> [Try it] Your job is to give again, exactly and with no additions, the lines in the records below from the one with "3月3日上午,长江日报记者现" through the one with "한편 12월 CBSI는", both included. Omit the pictures.

> [Record excerpts]
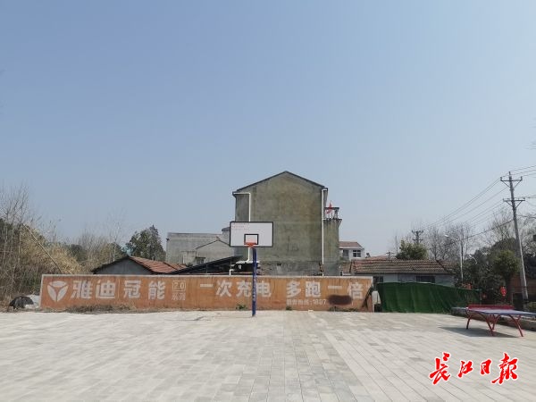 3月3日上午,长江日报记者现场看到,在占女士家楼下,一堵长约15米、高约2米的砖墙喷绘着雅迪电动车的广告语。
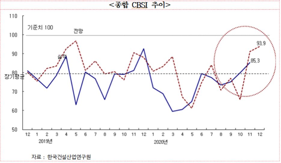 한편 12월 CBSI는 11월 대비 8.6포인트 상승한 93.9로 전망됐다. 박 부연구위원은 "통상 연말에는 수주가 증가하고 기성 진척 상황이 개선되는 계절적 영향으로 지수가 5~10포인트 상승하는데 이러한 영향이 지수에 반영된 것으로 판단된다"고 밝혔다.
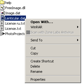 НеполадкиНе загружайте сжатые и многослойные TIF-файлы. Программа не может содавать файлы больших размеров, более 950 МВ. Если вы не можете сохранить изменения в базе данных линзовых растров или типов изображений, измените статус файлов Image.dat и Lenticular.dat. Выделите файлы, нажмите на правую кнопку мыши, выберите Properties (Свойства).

==

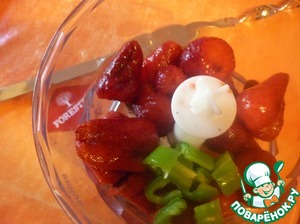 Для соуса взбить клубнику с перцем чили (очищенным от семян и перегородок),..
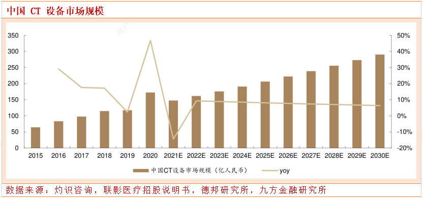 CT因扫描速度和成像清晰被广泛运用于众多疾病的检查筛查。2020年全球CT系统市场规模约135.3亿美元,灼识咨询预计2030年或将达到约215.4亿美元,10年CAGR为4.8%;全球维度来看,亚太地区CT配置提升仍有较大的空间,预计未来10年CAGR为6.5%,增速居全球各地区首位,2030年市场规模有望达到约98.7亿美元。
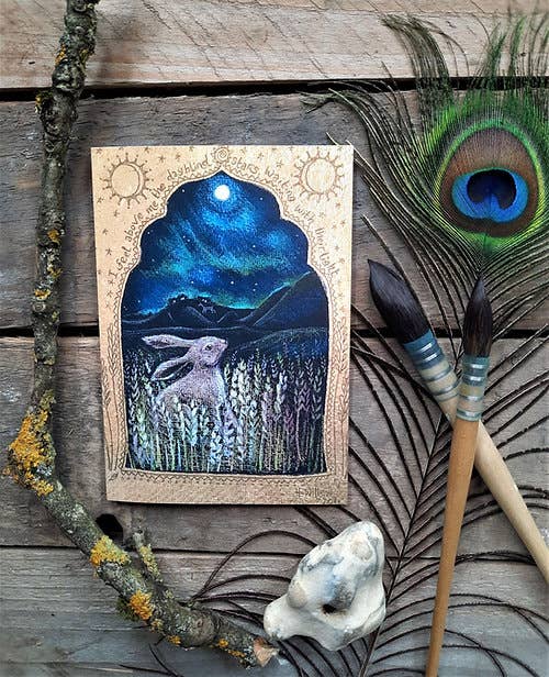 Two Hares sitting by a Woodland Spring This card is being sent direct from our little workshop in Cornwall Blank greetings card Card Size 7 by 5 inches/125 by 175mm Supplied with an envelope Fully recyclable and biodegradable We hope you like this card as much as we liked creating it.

...

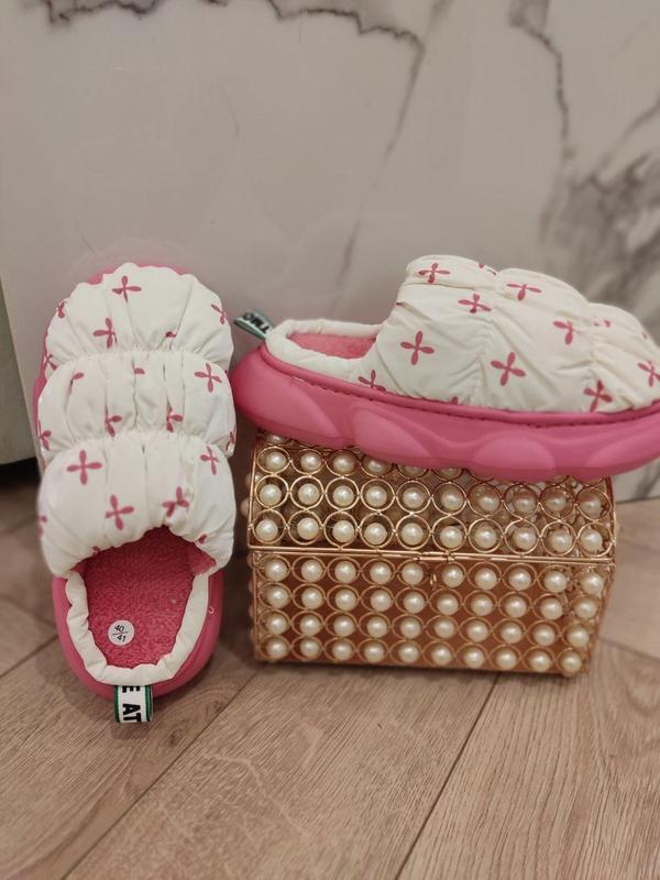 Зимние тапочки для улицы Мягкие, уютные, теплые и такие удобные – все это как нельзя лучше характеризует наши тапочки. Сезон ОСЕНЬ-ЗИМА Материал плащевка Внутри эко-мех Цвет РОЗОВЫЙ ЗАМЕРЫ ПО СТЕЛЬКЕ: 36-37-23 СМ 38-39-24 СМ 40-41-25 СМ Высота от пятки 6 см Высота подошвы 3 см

> [Output for this exercise]
 3月3日上午,长江日报记者现场看到,在占女士家楼下,一堵长约15米、高约2米的砖墙喷绘着雅迪电动车的广告语。
 한편 12월 CBSI는 11월 대비 8.6포인트 상승한 93.9로 전망됐다. 박 부연구위원은 "통상 연말에는 수주가 증가하고 기성 진척 상황이 개선되는 계절적 영향으로 지수가 5~10포인트 상승하는데 이러한 영향이 지수에 반영된 것으로 판단된다"고 밝혔다.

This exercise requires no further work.